In the years when I went away to school and came home only during the holidays, the arrangement at the table remained the same. Sitting where he did, Dad was framed by the window through which the yard could be seen with its carefully cultivated trees and grass. His chair was not just a place for him at the table; it was a place in which he was situated against the yard and trees, the fences and barbecue, the bikes, and cars. It was the holy and protected place that was his, and ours through him.
Years later, in my mid-20s and uncertain about my future, I returned home. I remember my feeling at the moment I sat down: “There is still a place for me at this table; things seem understandable here even if I can’t yet make sense of my failed attempts in work and love. I’m glad I can come home to this table.”
After Dad retired, he and Morn moved out into a small apartment. When they came to visit me at their old house, Dad still sat at the head of the table though the table was no longer his but mine. Only with my marriage to Barbara, did I hear a voice question the arrangement. She requested, gently but firmly, that I sit at the head of the table in our home. I realized then that I was head of the family, but I also felt unwilling to introduce such change, How would I feel sitting in that “head” place in my Dad’s presence? And how would he handle it? I was to find out on the occasion of our youngest child’s first birthday.
Mom and Dad arrived for lunch, and went into the dining room. Dad moved toward his usual seat in front of the window that opened to the backyard. Before he could get around the side of the table, I took a deep breath and said, “Dad, this is going to be your place, next to Mom, on the side.” He stopped and looked at me. Then he sat where I had indicated. I felt awkward, sad and angry at Barbara for pushing me to do this. It would have been easy to say, “My mistake, Dad. Sit where you always sit.” But I didn’t.
When he and Mom were seated, Barbara and I took our places. I don’t know how Dad felt. I do know that, though removed from his usual place, he continued to share his best self with us, telling stories of his childhood and youth to the delight of his grandchildren. As I served the food with my window and yard as background, our lives experienced a change, which we continue to live with.

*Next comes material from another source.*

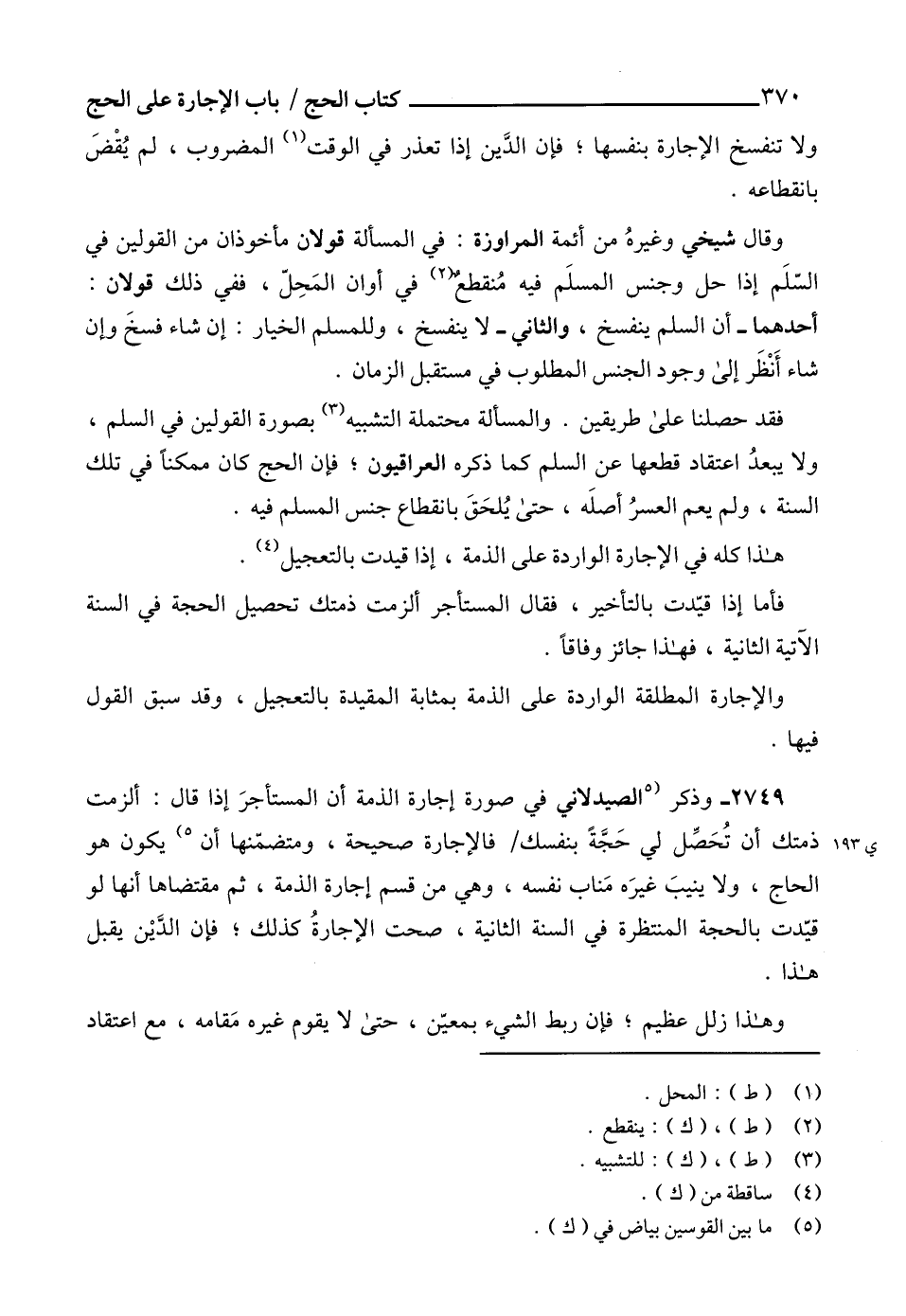 2749 - وذكر (5 الصيدلاني في صورة إجارة الذمة أن المستأجرَ إذا قال: ألزمت ذمتك أن تُحَصِّل لي حَجَّة بنفسك فالإجارة صحيحة، ومتضمّنها أن 5) يكون هو الحاج، ولا ينيبَ غيرَه مَناب نفسه، وهي من قسم إجارة الذمة، ثم مقتضاها أنها لو قيّدت بالحجة المنتظرة في السنة الثانية، صحت الإجارةُ كذلك؛ فإن الدَّيْن يقبل هذا.

It wasn’t easy, but I sense that there is also something good in the change which has occurred. I am beginning to learn that “honoring one’s father” is more than the question of which place to occupy at the dining table. It also means listening, wherever we sit and whatever our own positions, to the stories Dad longs to tell. We may then, during these magical moments, even be able to forget about whose chair is whose.
- Where did the author’s mother sit when one of her children was away?

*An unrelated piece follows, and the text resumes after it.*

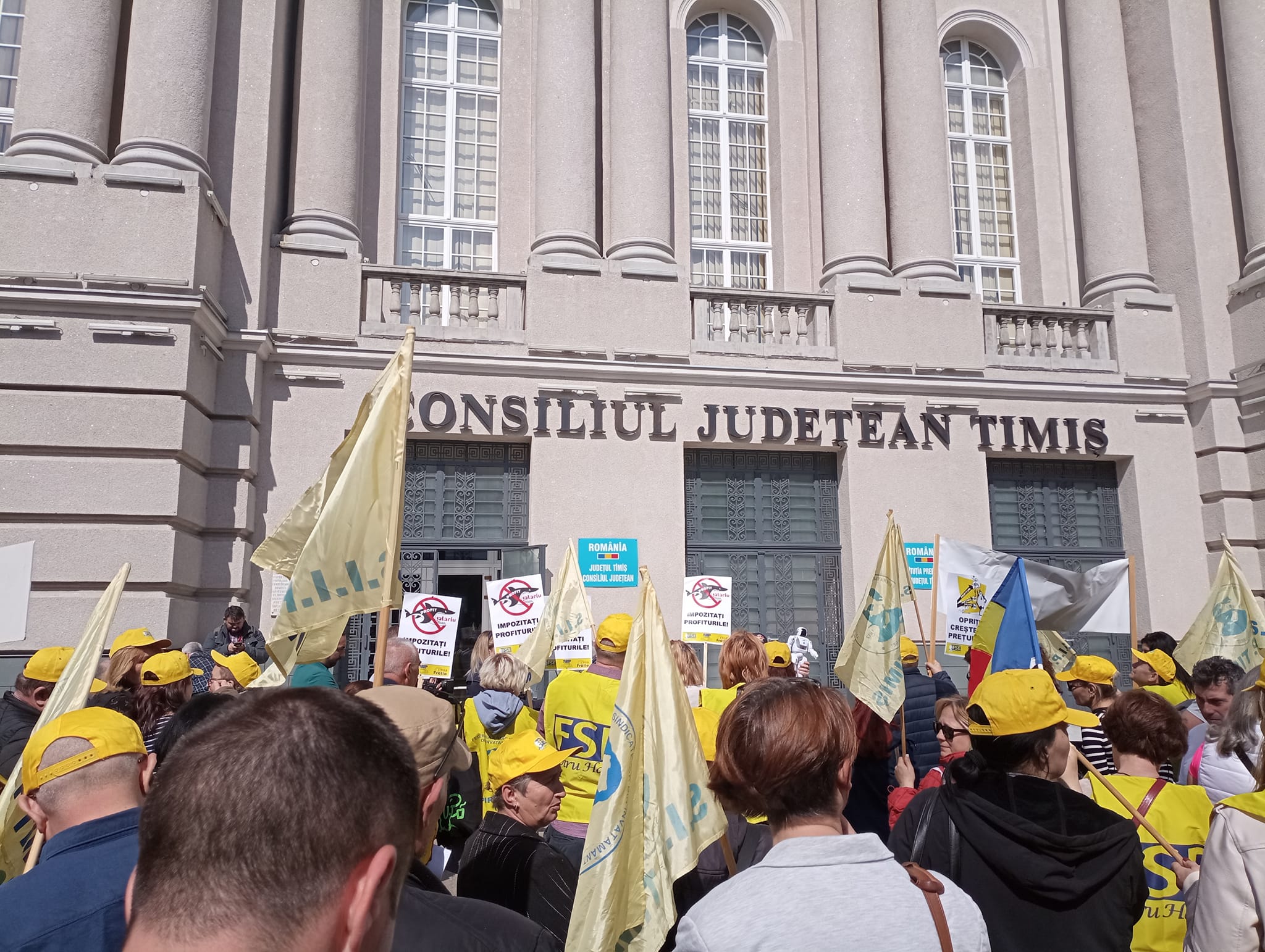 Joi, în fața Prefecturii Timiș, zeci de cadre didactice din învățământul preuniversitar, membri ai Sindicatului „Spiru Haret” au scandat și au afișat lozinci precum: „Majorați salariile”, Opriți creșterea prețurilor”, „Grevă” sau „Vrem salarii decente”.

① She didn’t change her chair.
② She moved her own chair next to Dad’s.
③ She moved to an empty chair on the side.
④ She sat opposite to Dad. - What did the father’s chair represent to the author in his school days?
① It represented a secure family life he could rely on.
② It represented his father’s changing position within the family.
③ It represented the religious beliefs which his father shared with the family.
④ It represented the world which could be seen outside the window. - How did the author respond to his wife’s request when he heard it for the first time?
① He agreed, but was worried about the consequences.
② He decided that his father would have to live apart.
③ He disagreed because he knew exactly how his father would react.
④ He refused, gently but firmly, to follow it. - How did the author feel when he told his father to sit on the side?
① He didn’t feel bad because his father was going to sit there anyway.
② He felt relieved at having carried out the difficult task.
③ He regretted what he had done and wanted to blame his wife.
④ He was thoroughly satisfied with the new seating arrangement. - What happened during the meal after the family had all taken their new seats?
① The author’s children removed their grandfather from his usual place.
② The author’s father didn’t appear to mind where he sat.
③ The author’s father shared his favorite dishes with the grandchildren.
④ They became tense and nervous about their future as a family. - What did the author learn about “honoring one’s father”?
① Fathers always long to tell stories about their early years.
② Providing the right chair is the only way to honor one’s father.
③ Respect for one’s father doesn’t depend only on where he sits.
④ The family should dine together at the same table as often as possible.